More from The Pillar of Fire

In the Foreward to his book, Karl Stern makes an interesting observation about conversion stories:

"To write the story of a conversion is a foolish undertaking, for the convert, the "turned-around," is a fool. He is a fool in the sense in which Saint Paul uses this word. All stories of conversion appear to have something subjective-arbitrary, some tragic secret. The communication contains something incommunicable. Even the story of St. Augustine, told by a powerful spirit in the crystalline, translucent atmosphere of the Mediterranean, contains that foolish, devious something, the element of dark solitude.

"All true love is subjective and unique, and at the same time creates communion.
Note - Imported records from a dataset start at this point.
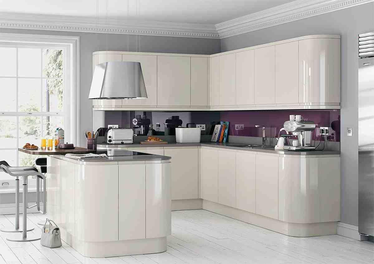 Для тех, кто больше стремится к уюту, подойдет стиль модерн. Он характеризуется плавными закругленными формами, асимметричными линиями. Волнообразные фасады из акрила наполнят помещение светом и теплом, а фартук из сталинита придаст оригинальности. Необычно и задорно выглядит двухцветный гарнитур, где один цвет – базовый нейтральный, а второй – насыщенный яркий. Например, молочный и красный. В последние годы особой популярностью пользуется цвет баклажан, но он скорее подойдет для больших кухонь, поскольку в малогабаритных помещениях будет смотреться мрачно.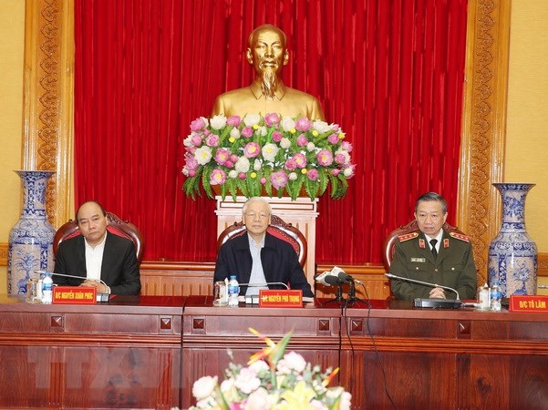 Phát biểu tại Hội nghị, Tổng Bí thư, Chủ tịch nước Nguyễn Phú Trọng, Thủ tướng Chính phủ Nguyễn Xuân Phúc ghi nhận, đánh giá cao sự nỗ lực, phấn đấu của lực lượng Công an nhân dân trong thực hiện nhiệm vụ bảo đảm an ninh chính trị, trật tự an toàn xã hội.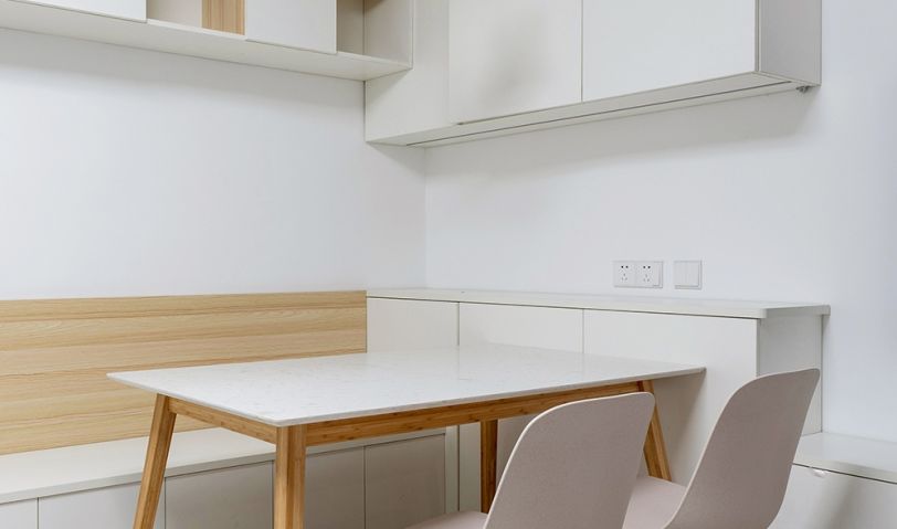 就餐區(qū)是餐桌結(jié)合卡座的形式,既能滿足一家的用餐需求,又能增加儲物。餐邊柜的設(shè)計可以將所有的茶具,以及水杯都可以收納起來,讓空間變得干凈整潔。

Here, as always, love of the sexes is an image of divine love. There is something about falling in love which cannot be re-experienced by the outsider; it is something lonely: the lovers leave everything behind them. Yet love is not true love when it is only unique and lonely; it must also create community. The Tristan and Isolde of Wagner are abandoned to death but the Tamino and Pamina of Mozart enter through the Gates of Life. What is true of those who love is also true of those who know. It is no coincidence that in Hebrew the word Yadoa is the word for knowing and for the physical consummation of love.

"In spiritual love the two forces of solitude and community create power like the two poles of an electrical element. If the Christian religion were lived only in the cell of a Saint John of the Cross, it would become something lunatic and asocial. And if it were concerned only with the existence of the parish, it would soon resemble any business concern. In religion, if we must share the horrible cosmic solitude of the night of Gethsemani, neither must we refuse to belong to the multitude which is fed on bread and fishes.

"Seen 'from outside' a conversion is something adventurous and anarchic. We know from the story of poor Don Quixote how foolish it looks for someone to take ideas so seriously that he really rides away from home. However, the fact that the first voyage of Columbus appeared like a gigantic Quixoterie did not disprove the existence of the sought-for continent. If there are certainties, one must be able to find them.

"That one simple question, whether Jesus of Nazareth was God incarnate, becomes increasingly decisive between people, as history moves forward. Dostoievsky once said that it is the one question on which everything in the world depends. The answer to this question cuts into human ties and seems to reflect even on the nature of inanimate things. What if all that is folly in the eyes of the Greeks, and scandal in the eyes of the Jews, is Truth?"